Source records section start

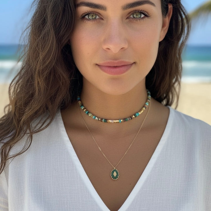 Natural Gemstones: Each necklace is completely unique, threaded with pieces of Malachite, Moonstone, Garnet, Crystal Apatite, Amethyst, Amazonite, Rose Quartz, Turquoise, Orange Carnelian, Pink Opal, Green Onyx, Lemon Quartz, Blue Lace Agate, Peruvian Opal,Lapis, Tourmaline,Rhodonite and Blue Quartz
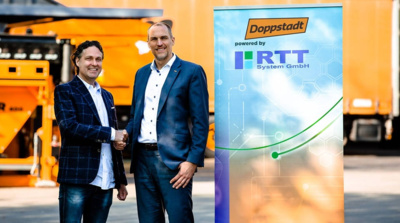 Bildunterschrift: Hendrik Beel (l.), Geschäftsführer der RTT System GmbH, und Dr. Philipp Nellessen, Geschäftsführer von Doppstadt, freuen sich über die erfolgreiche Zusammenarbeit beider Unternehmen.
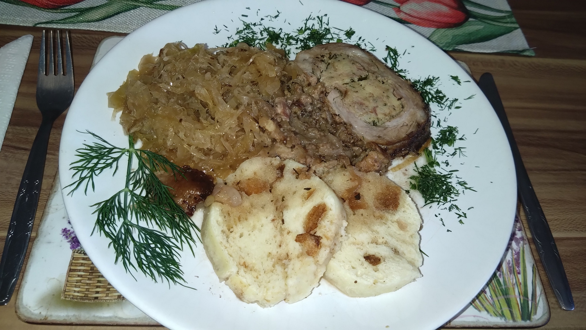 Bůčková roláda klasicky s křimickým dušeným zelím a domácím knedlíkem
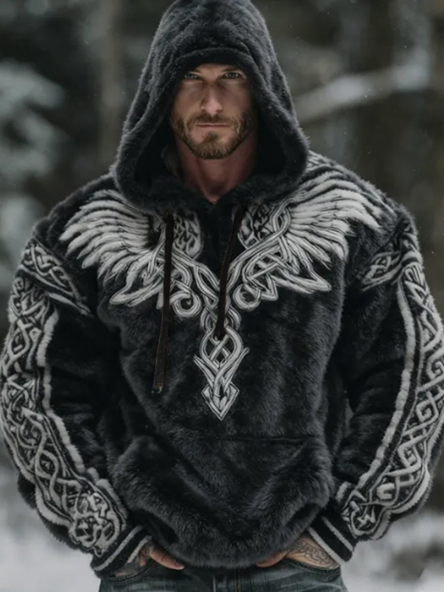 Sweat à capuche confortable en flanelle en peluche Viking Celtic Wings pour hommes
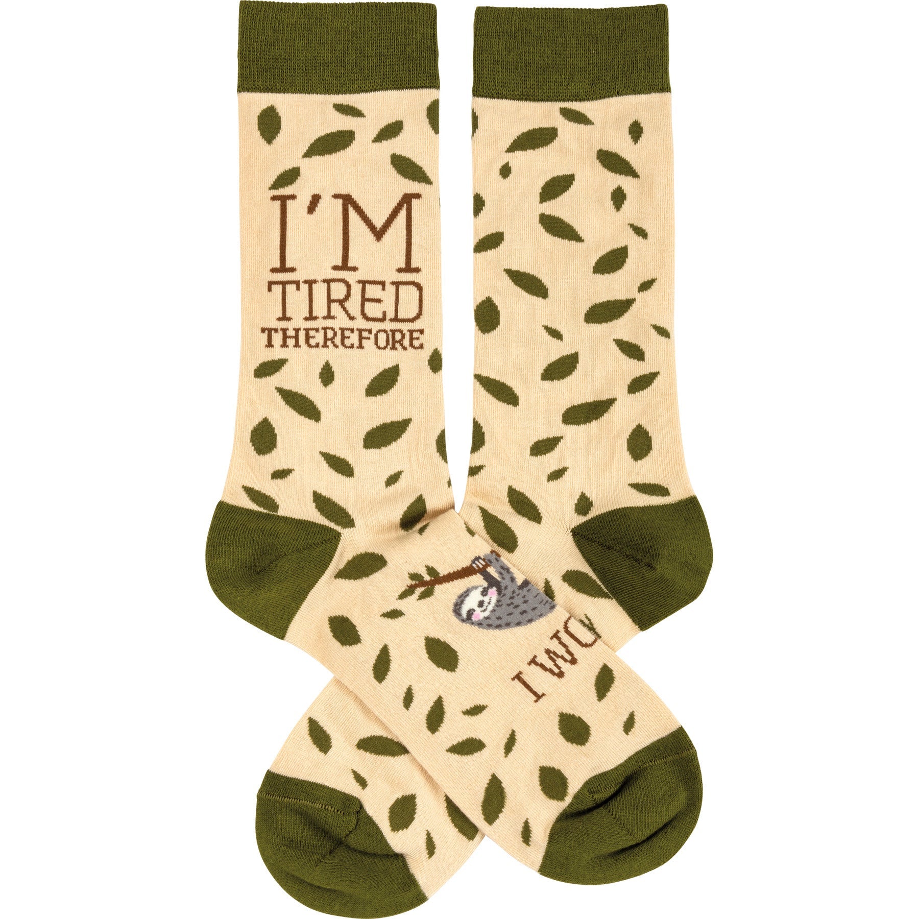 These 'Sloth I'm Tired' socks are beige with a scattered pattern of small, olive-green leaves. The visible portion shows the words 'I'M TIRED THEREFORE I WILL' printed vertically on one sock, with a small sloth illustration hanging upside down from a branch near the bottom. The socks have olive-green cuffs. They're comfy, and honestly, relatable.
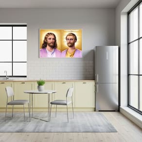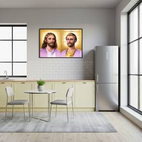 Quadro Decorativo Mestres Jesus e Saint Germain - 50x70cm - Cor: Moldura Branca
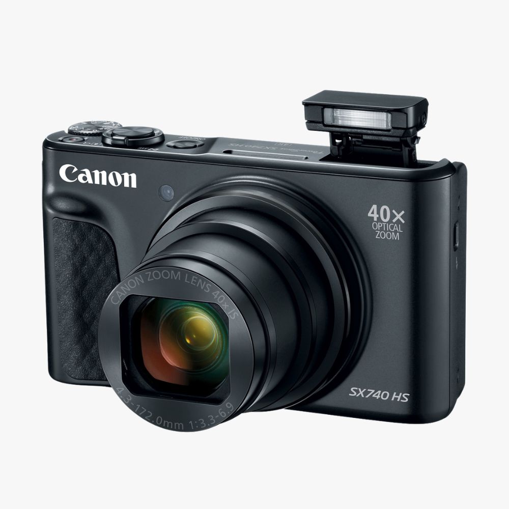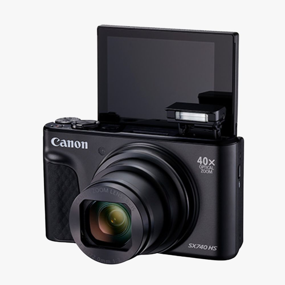 The Canon PowerShot SX740 HS (Black), a compact and versatile digital camera designed for travel, casual photography, and vlogging.
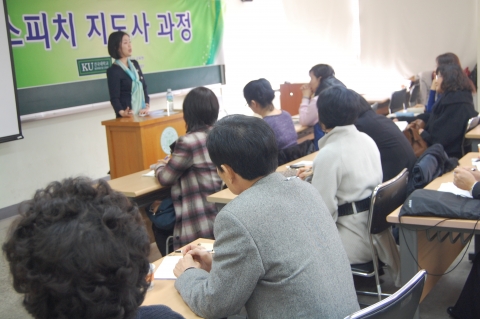 건국대 리더십아카데미에서 2011년 스피치 지도사 1기(건국대 총장명의 수료증 수여, 건국대 총장명의 자격증 취득)과정은 단순히 강사의 스킬 교육뿐만 아니라 강사 스스로 아이의 눈높이에 맞는 스피치 프로그램을 개발하고 아이들에게 웃음과 긍정적인 영향을 줄 수 있는 강사 양성에 목적을 두고 있으며 현장에서 아동 스피치강사로 활동할 수 있는 여러 가지 정보 제공 및 강사추천도 가능한 과정으로 진행 될 예정이다.

Source records section end

## Task statement
Where a picture appears, omit it; otherwise reproduce each line above from the first to the one with "Sweat à capuche", inclusive.

## Answer box
 Natural Gemstones: Each necklace is completely unique, threaded with pieces of Malachite, Moonstone, Garnet, Crystal Apatite, Amethyst, Amazonite, Rose Quartz, Turquoise, Orange Carnelian, Pink Opal, Green Onyx, Lemon Quartz, Blue Lace Agate, Peruvian Opal,Lapis, Tourmaline,Rhodonite and Blue Quartz
 Bildunterschrift: Hendrik Beel (l.), Geschäftsführer der RTT System GmbH, und Dr. Philipp Nellessen, Geschäftsführer von Doppstadt, freuen sich über die erfolgreiche Zusammenarbeit beider Unternehmen.
 Bůčková roláda klasicky s křimickým dušeným zelím a domácím knedlíkem
 Sweat à capuche confortable en flanelle en peluche Viking Celtic Wings pour hommes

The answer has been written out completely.